Gene therapy for Childhood Parkinsonism: Dopamine transporter deficiency syndrome

Lead Research Organisation: University College London
Department Name: Maternal & Fetal Medicine

Abstract

Dopamine transporter deficiency syndrome (DTDS) is a devastating childhood neurotransmitter disorder. It clinically presents with progressive infantile parkinsonism-dystonia and is frequently misdiagnosed as cerebral palsy. The children are severely disabled with inability to control movement experiencing distressing hyperkinesia and dystonic postures. They progressively worsen with severe slowing of movements and muscle rigidity, termed parkinsonism. This results in severe neurodisability and is untreatable with medication or surgery, with a third dying by mid-adolescence. DTDS results from loss of function mutations the SLC6A3 gene coding for the Dopamine transporter (DAT). DAT functions to uptake dopamine to terminate dopamine neurotransmission and uptake dopamine for recycling and is physiologically expressed in specific brain regions (midbrain and striatum).
There is medical need to develop impactful treatment for this untreatable childhood neurological disorders. We aim to develop a potential cure for DTDS by delivering Adeno associated virus (AAV) mediated hDAT gene therapy. This will result in expression of normally functioning DAT to restore dopamine homeostasis to improve motor function, health and neurodisability of DTDS children.

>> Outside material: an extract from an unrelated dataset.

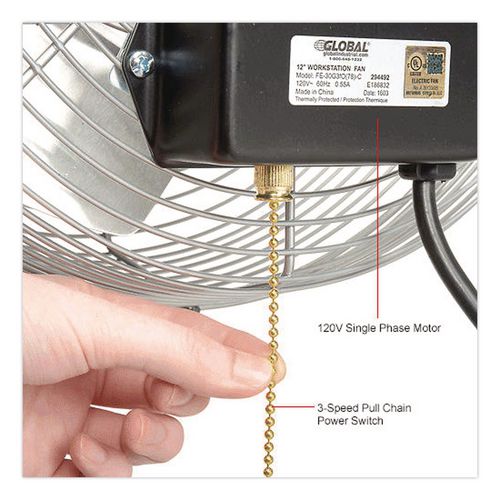 This Industrial Workstation Fan provides refreshing air flow without taking up valuable floor space in automotive shops, assembly stations, workbenches, and any workstation that requires cooling and ventilation. It has an efficient three-speed single- Fan head rotates 360 ° horizontally and vertically for flexible airflow direction.
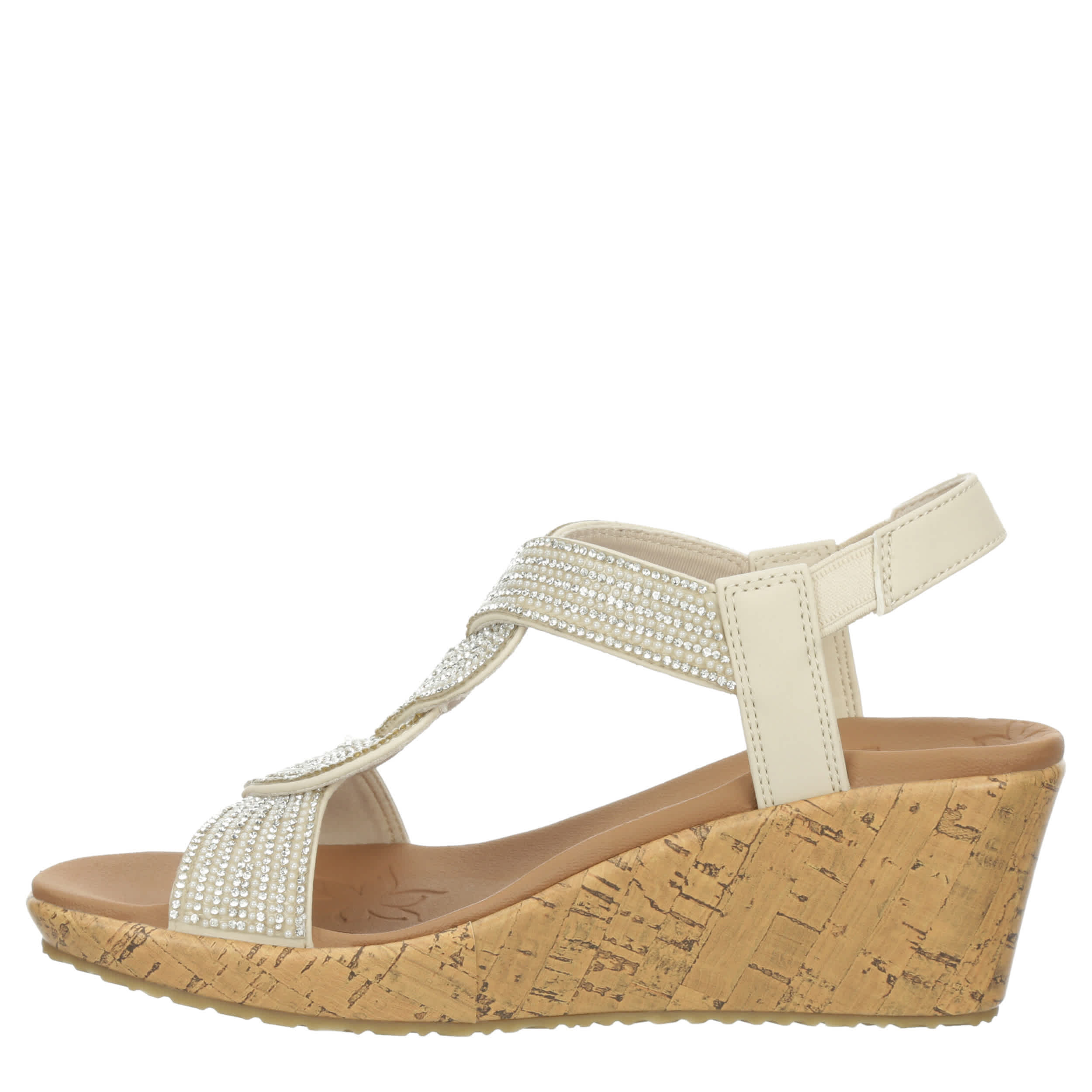 Sundresses and the Beverlee women's wedge sandal from Skechers Cali go together real nice. Featuring a rhinestone-embellished upper with an interwoven design for extra appeal, this stylish sandal is meant for the casual dress up. The Luxe Foam® footbed cushions while the natural cork veneer midsole adds stable height alongside the wedge heel.

Gene therapy for childhood neurological disorders is showing great promise. Adeno associated virus serotype 9 (AAV9) delivered intravenously rescued the Spinal muscular atrophy (SMA) mouse in 2010 and progressed to clinical trial within 4 years (NCT02122952). SMA type 1 is severe motor neuron disorder whereby affected babies do not achieve sitting and most die by 2years. Fifteen treated children have shown striking motor improvements, with 12 able to sit and some walking independently.

Gene therapy is used to treat another childhood neurotransmitter disorder called Aromatic L-amino acid decarboxylase (AADC) deficiency, that is clinically similar to DTDS. Initially 4 children were treated by direct (stereotactic) injection of AAV2-AADC to a specific dopaminergic brain region called the putamen. This established clinical safety and all 4 children showed motor improvement. A subsequent phase II clinical trial has treated 18 children to date. Furthermore over 100 patients with Parkinson's disease, have safely received AAV2 gene therapy vectors delivered by stereotactic injection to the striatum or midbrain over the last decade. AAV2 gene therapies for Parkinson's disease have delivered dopamine synthesis genes to increase dopamine synthesis and provide good clinical evidence for the safety of AAV2 vectors and stereotactic injection.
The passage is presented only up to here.